Приведем воспоминания К. Ваншенкина, относящиеся к 1974 году:

«…Однажды летним утром у меня дома раздался телефонный звонок.

– Константин Яковлевич? С вами разговаривает старший лейтенант КГБ (он назвал свою фамилию)… Объяснил, что курирует Московский союз писателей и хотел бы со мной встретиться. От встречи в ЦДЛ отказался: “Там неудобно”. Предложил встретиться поблизости в скверике на площади Восстания.

<После ответа на вопросы, “к делу” не относящиеся, он>… перешел к тому, ради чего он меня, собственно, по его выражению, и побеспокоил. Что я могу сказать о Слуцком.

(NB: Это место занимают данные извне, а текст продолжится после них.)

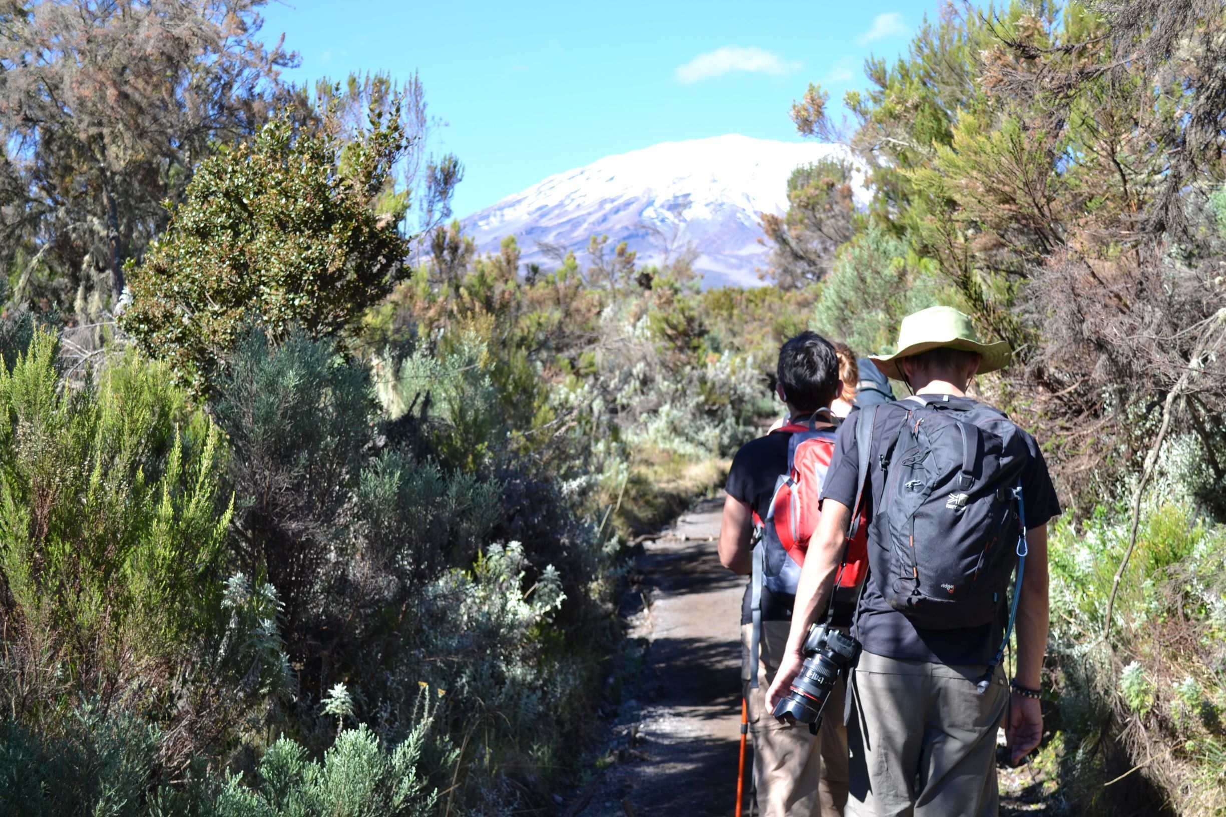 A steady descent takes us down through moorland to Mandara Hut (2,700m.), the first stopping place at the Marangu route. We then continue descending through lovely lush forest on a good path to the National Park gate at Marangu (1,830 m.). [5-6 hours walking]
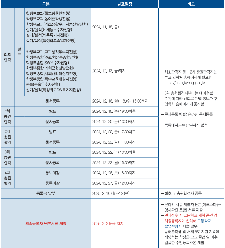 2025학년도 경기대 수시모집 합격자 발표일 및 충원(추가) 합격자 발표일 등을 안내해 드리도록 하겠습니다. 아래 일정을 참고하셔서 입학 등록에 차질이 없으시기 바랍니다.
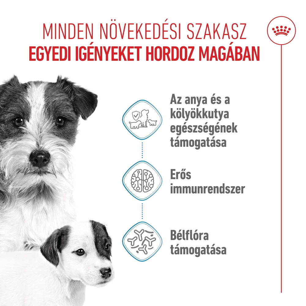 Royal Canin Mini Starter Mother & Babydog (4-10 kg) Száraz Kutyatáp • Támogatja az anyakutyát és a kölyökkutyát• Erős immunrendszer• Mikrobiom támogatása• Az agy fejlődéseAz újszülött kölyökkutyák tápanyagszükséglete különleges, hogy segítsen támogatni fejlődésben lévő érzékszerveiket és idegrendszerüket. Továbbá a növekedésben lévő kölyökkutyák táplálása komoly feladat, amely nagyban befolyásolhatja kistestű kutyája anyagcseréjét. Az elválasztási időszak során, amikor át lehet térni a szilárd táplálékra, az anyakutyának és kölykeinek testreszabott étrendre van szükségük, hogy kielégítsék különleges tápanyagszükségletüket.A ROYAL CANIN Mini Starter Mother & Babydog tápot kifejezetten az anyakutyák és kölyökkutyáik tápanyagszükségleteit szem előtt tartva fejlesztettük ki. A formula megfelelő a legfeljebb 10 kg testtömegű, kistestű felnőtt kutyák és az elválasztás alatt levő kölyökkutyák számára 2 hónapos korig.Ezt az egyedi étrendet kifejezetten ahhoz igazítottuk, hogy megfeleljen kistestű kutyája nagy energiaszükségletének a vemhesség végén és a szoptatás során. Valamint úgy fejlesztettük ki, hogy támogassa a kölyökkutyák egészséges fejlődését.Összetétele bizonyított komplexet tartalmaz, beleértve a C- és E-vitamint, amely támogatja az egészséges immunrendszer fejlődését.A jótékony hatású prebiotikumok (pl. MOS) és kitűnően emészthető fehérjék kombinációjának köszönhetően a ROYAL CANIN Mini Starter Mother & Babydog a bél-mikrobióta (bélflóra) egészséges egyensúlyát is támogatja a megfelelő emésztés érdekében.A formula Omega-3 zsírsavakban (pl. DHA) gazdag, amely tudományosan bizonyított módon támogatja a fiatal kölyökkutyák agyának egészséges fejlődését.A ROYAL CANIN Mini Starter Mother & Babydog tápot könnyű visszanedvesíteni vízzel, melytől étvágygerjesztő kása állaga lesz, amely ideális az elválasztandó kölyökkutyák számára.Tudta, hogy a kölyökkutyák tápanyagszükséglete változik, ahogy növekednek? A rövid, 8 hetes időszak során a kölyökkutyáknak olyan étrendre van szükségük, amely különösen a következő növekedési szakasz tápanyagszükségleteihez igazodik. Ebben a szakaszban át lehet térni a ROYAL CANIN Mini Puppy tápra, amely száraz tápszemcseként vagy nedves szószban kapható.A Royal Caninnál elkötelezettek vagyunk egy jobb világ megteremtése iránt a macskák és a kutyák számára. Több mint 50 éve dolgozunk szoros együttműködésben tenyésztőkkel, állatorvosokkal és kisállatszakértőkkel, megosztva egymással a szakmai tudást és a tudományos kutatásokat, hogy megteremtsük az egyedi, precíz, tápanyagokkal kapcsolatos megoldásokhoz való elkötelezett hozzáállást.Valamennyi termékünk esetében átfogó minőség-ellenőrzési eljárást folytatunk le, biztosítva az eledelek optimális minőségét. Amikor kistestű kutyája és kölykei ROYAL CANIN Mini Starter Mother & Babydog tápot esznek, teljes értékű és kiegyensúlyozott táplálékotkapnak.Összetétel: Rizs, dehidratált baromfifehérje, állati zsiradékok, búzaglutén*, hidrolizált állati fehérjék, kukorica, cukorrépapép, ásványi sók, szójaolaj, növényi rostok, halolaj, psyllium (útifű) maghéj és mag, frukto-oligoszacharidok, hidrolizált élesztő (mannán-oligoszacharidok és béta-glükánok forrása) (0,30 %), algaolaj Schizochytrium sp. (DHA forrás), vajsavsó, bársonyvirág por*L.I.P.: kitűnően emészthető, válogatott fehérjeAnalitikai összetevők: Nyersfehérje: 30,0 %, Zsírtartalom: 22,0 %, Nyershamu: 8,2 %, Nyersrost: 1,9 %, Omega-3 zsírsav (DHA): 0,19 %, E vitamin: 500 mg/kg, C vitamin: 400 mg/kgMetabolizálható energia: 4173 kcal/kgTápértékkel rendelkező adalékanyagok/kg: A vitamin: 18500 NE, D3 vitamin: 1200 NE, Vas (3b103): 42 mg, Jód (3b201, 3b202): 4,2 mg, Réz (3b405, 3b406): 13 mg, Mangán (3b502, 3b504): 54 mg, Cink (3b603, 3b605, 3b606): 135 mg, Szelén (3b801, 3b811, 3b812): 0,06 mgTechnológiai adalékanyagok/kg: Üledékes eredetű klinoptilolit: 10 g, Tartósítószerek, Antioxidánsok

– О Слуцком? Странный вопрос. В каком смысле – что? Слуцкий – замечательный поэт, один из лучших. И он настоящий коммунист, идейный, принципиальный. Очень честный, болеет за все, что происходит, воспринимает как личное…

Он перебил меня:

– Вы серьезно?

Я удивился.

– Конечно. Прошел войну. Несколько наград. Вы сами знаете. А как он радуется удачам товарищей, поддерживает молодых! Да если бы все были, как Слуцкий… А почему вы меня спрашиваете?

– Ну ладно, – заключил он разочарованно. – А знаете ли вы Сарнова? <с ударением на первом слоге!>

По ударению я понял, что он встречал эту фамилию только на бумаге.

– Знаю Сарнова… Критик, пишет статьи и книги, по‑моему, о советской классике. Ничего предосудительного сказать о нем не могу.

На этом наличие вопросов, как я понял, исчерпалось. Но напоследок К. бодро сказал:

– Константин Яковлевич, а еще у меня к вам будет просьба. Вы человек известный, вас уважают, вы часто бываете в ЦДЛ, в ресторане. Вот будете как‑нибудь сидеть со знакомыми за столиком, я подойду, поздороваюсь, а вы меня пригласите за стол. Потом, если вам нужно уходить, вы уйдете, а я останусь с ними.

Я поинтересовался:

– А как же я вас представлю?

– Да никак. Это же не обязательно.

– Нет, так не годится. Тогда уж я вас отрекомендую как куратора от вашей организации.

Он совсем поскучнел и сказал, что это нежелательно. Тут мы и расстались»[144].

Как тут не воспроизвести диалог Слуцкого с офицером КГБ, который приводит поэт и издатель Александр Глезер:

– Товарищ майор, Глезер молодой поэт. Скоро мы будем принимать его в Союз писателей. С ЦРУ у него никаких связей нет.

– Значит, он слепое орудие в их руках, – упорствует кагэбэшник…

Атмосфера страха «в ходе действия тридцать седьмого года», сохранявшаяся вплоть до «оттепели», лишала Слуцкого покоя.

 

Может быть даже часа такого, –

Дня такого, ночи такой,

Я не помню, чтоб твердой рукой…

Не стучала мне в окна беда…

 

Но вернемся к воспоминаниям Слуцкого о жизни в послевоенное время.

«В Харькове можно было почти не думать о хлебе насущном.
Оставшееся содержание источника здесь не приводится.